New John Snow Labs SBert Sentence Embeddings
One challenge with resolving medical entities to codes is that very often, multiple similar codes exist for a term, and the most appropriate one depends on context. For example, “bladder cancer” may be mapped to any of the following ICD-10-CM standard terms:
Cancer in situ of urinary bladder Carcinoma in situ of bladder Tumor of bladder neck Neoplasm of unspecified behavior of bladder Malignant tumour of bladder neck Secondary malignant neoplasm of bladder Malignant tumor of urinary bladder Malignant neoplasm of bladder, unspecified
Ranking these options – or picking the most relevant one – depends heavily on the context. To provide a better understanding of medical context, we’ve developed a set of new healthcare-specific sentence embeddings, including the first medical sentence embeddings available in different sizes. These embeddings (and the entity resolution models that leverage them) are not availble anywhere else, and result in better accuracy than other embeddings which are now outdated such as BioBERT and ClinicalBERT, for 3 reasons:
- They’re based on a newer deep learning architecture (SBERT).

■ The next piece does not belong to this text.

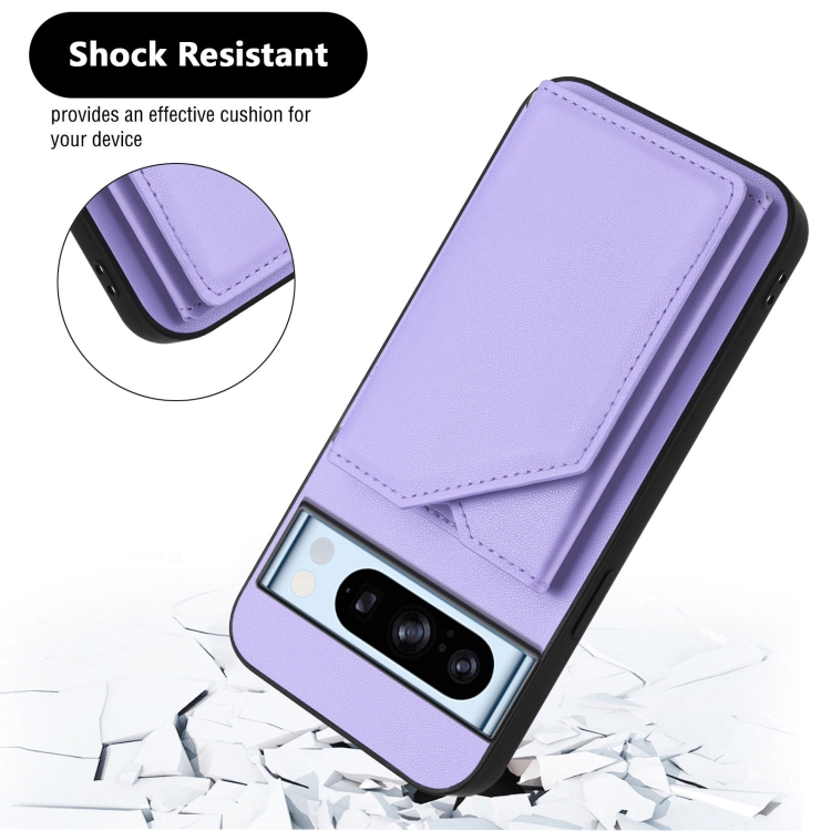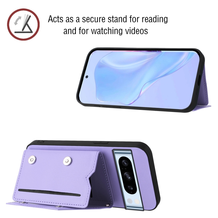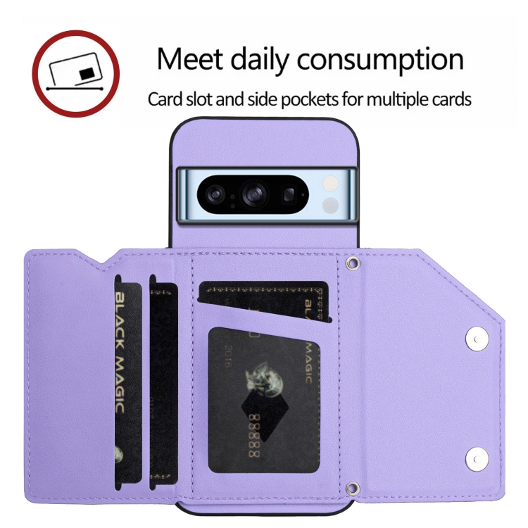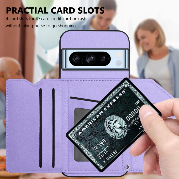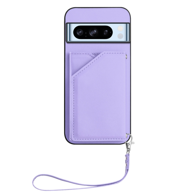 Funda para Teléfono Google Pixel 8 Pro Skin Feel con 4 Ranuras para Tarjetas y Correa para Muñeca (Morado)

- We augmented the training data beyond what’s available in public academic datasets.
- They’re more current, because we just retrained them. In contrast, for example, BioBERT was trained in 2019 – before any mention of COVID-19 on PubMed.
The new sBERT models delivered with the 3.1 release are fined tuned on MedNLI, NLI, and UMLS datasets with various parameters to cover common NLP tasks in medical domain:
- sbiobert_jsl_cased
- sbiobert_jsl_umls_cased
- sbert_jsl_medium_uncased
- sbert_jsl_medium_umls_uncased
- sbert_jsl_mini_uncased
- sbert_jsl_mini_umls_uncased
- sbert_jsl_tiny_uncased
- sbert_jsl_tiny_umls_uncased
6X Faster Load Times for Sentence Resolver Models
Sentence resolver models now have faster load times, with an average six-fold speedup when compared to previous versions. Also, the load process now is more memory friendly meaning that the maximum memory required during load time is lower, reducing the chances of out-of-memory exceptions, and thus relaxing hardware requirements.
John Snow Labs SBert Model Speed Benchmark
Model | Base Model | Is Cased | Train Datasets | Inference speed (100 rows) |
---|---|---|---|---|
sbiobert_jsl_cased | biobert_v1.1_pubmed | Cased | medNLI, allNLI | 274,53 |
sbiobert_jsl_umls_cased | biobert_v1.1_pubmed | Cased | medNLI, allNLI, umls | 274,52 |
sbert_jsl_medium_uncased | uncased_L-8_H-512_A-8 | Uncased | medNLI, allNLI | 80,40 |
sbert_jsl_medium_umls_uncased | uncased_L-8_H-512_A-8 | Uncased | medNLI, allNLI, umls | 78,35 |
sbert_jsl_mini_uncased | uncased_L-4_H-256_A-4 | Uncased | medNLI, allNLI | 10,68 |
sbert_jsl_mini_umls_uncased | uncased_L-4_H-256_A-4 | Uncased | medNLI, allNLI, umls | 10,29 |
sbert_jsl_tiny_uncased | uncased_L-2_H-128_A-2 | Uncased | medNLI, allNLI | 4,54 |
sbert_jsl_tiny_umls_uncased | uncased_L-2_H-128_A-2 | Uncased | medNLI, allNL, umls | 4,54 |
Higher Accuracy ICD-10-CM Resolver Models
These models map clinical entities and concepts to ICD-10-CM codes using SBERT sentence embeddings. They also return the official resolution text within the brackets inside the metadata. Both models are augmented with synonyms, and previous augmentations are flexed according to cosine distances to unnormalized terms (ground truths).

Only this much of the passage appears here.